Зеллаби твердо отклонил все наши попытки что-либо из него вытянуть.

– Прошу меня извинить, – сказал он, – но могу лишь сообщить, что мы организуем небольшой неофициальный комитет, и будем очень рады, если вы согласитесь нам помочь – после того, как ваша жена услышит, что будет там сказано, и вы обсудите это друг с другом.

На собрание пришло удивительно много народу. Присутствовало почти девяносто процентов женского населения Мидвича, и запланированное повторное собрание для тех, кто не смог прийти, должно было стать немногочисленным.
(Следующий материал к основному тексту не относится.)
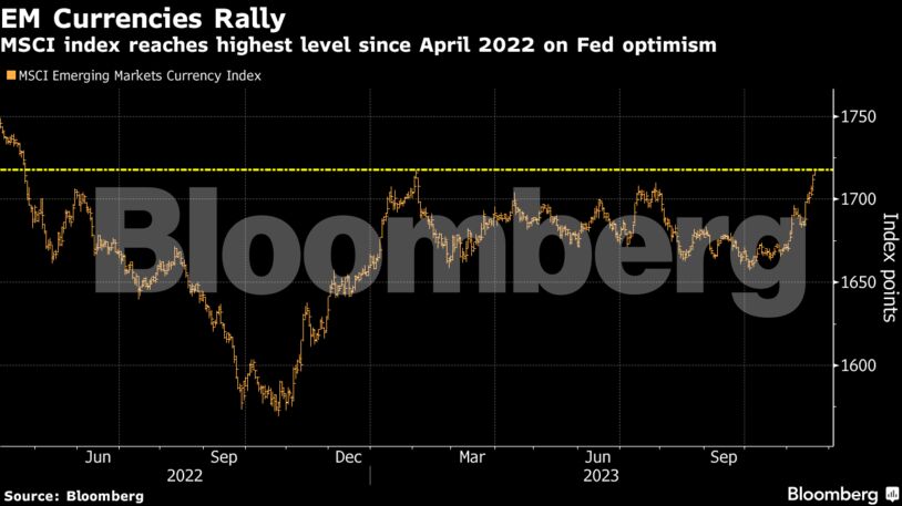 Ο δείκτης αναφοράς MSCI EM Currency Index σημείωσε άνοδο 0,3% νωρίτερα σήμερα, ανεβάζοντας τα φετινά του κέρδη στο 3,4%. Το ορόσημο αυτό έρχεται μετά από ανάκαμψη από τις αρχές Οκτωβρίου, καθώς η βελτίωση των στοιχείων για τον πληθωρισμό στις ΗΠΑ πυροδοτεί τις προσδοκίες για τερματισμό των αυξήσεων των επιτοκίων από την Ομοσπονδιακή Τράπεζα των ΗΠΑ και πιθανή μείωσή τους έως τα μέσα του 2024.
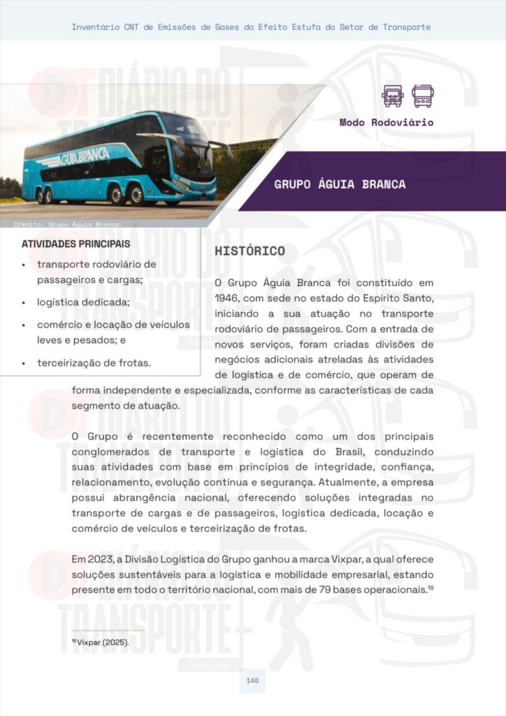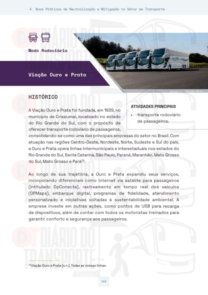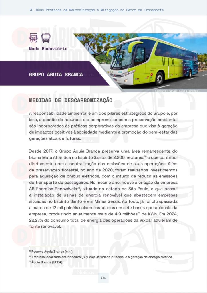 Entre os exemplos de boas práticas mencionados na publicação, na área de ônibus rodoviários de média e longa distância, estão a Viação Ouro e Prata, do Rio Grande do Sul, e o Grupo Águia Branca, que engloba, as empresas Viação Águia Branca e Vix Logística, com sede no Espírito Santo.

Когда люди убедились, что это не очередная кампания по гражданской обороне или подобного рода мероприятие, возникло закономерное любопытство: что же заставило доктора, викария, их жен, окружную медсестру и обоих Зеллаби обзвонить весь Мидвич и передать женщинам персональные приглашения.

Два главных организатора собрания сидели на возвышении, по обеим сторонам от немного бледной Антеи Зеллаби. Доктор нервно курил. Викарий казался погруженным в размышления, от которых он время от времени отрывался, чтобы сказать что-то миссис Зеллаби и выслушать ее рассеянный ответ. Подождав минут десять опоздавших, доктор попросил закрыть двери и кратко, но все еще малопонятно, призвал собрание отнестись к делу со всей серьезностью. Викарий поддержал его, сказав в заключение:

– Я очень прошу вас внимательно выслушать все, что скажет миссис Зеллаби. Мы в неоплатном долгу перед ней за ее согласие выступить перед вами. И я хочу, чтобы вы заранее знали, что все, что она собирается сказать вам, одобрено доктором Уиллерсом и мной. Уверяю вас, мы возложили на нее такое бремя лишь потому, что объяснить суть дела женщинам лучше всего сумеет тоже женщина. Мы с доктором сейчас покинем вас, но останемся поблизости. Когда миссис Зеллаби закончит, мы, если вы пожелаете, вернемся сюда и постараемся ответить на ваши вопросы. А теперь прошу со всем вниманием выслушать миссис Зеллаби.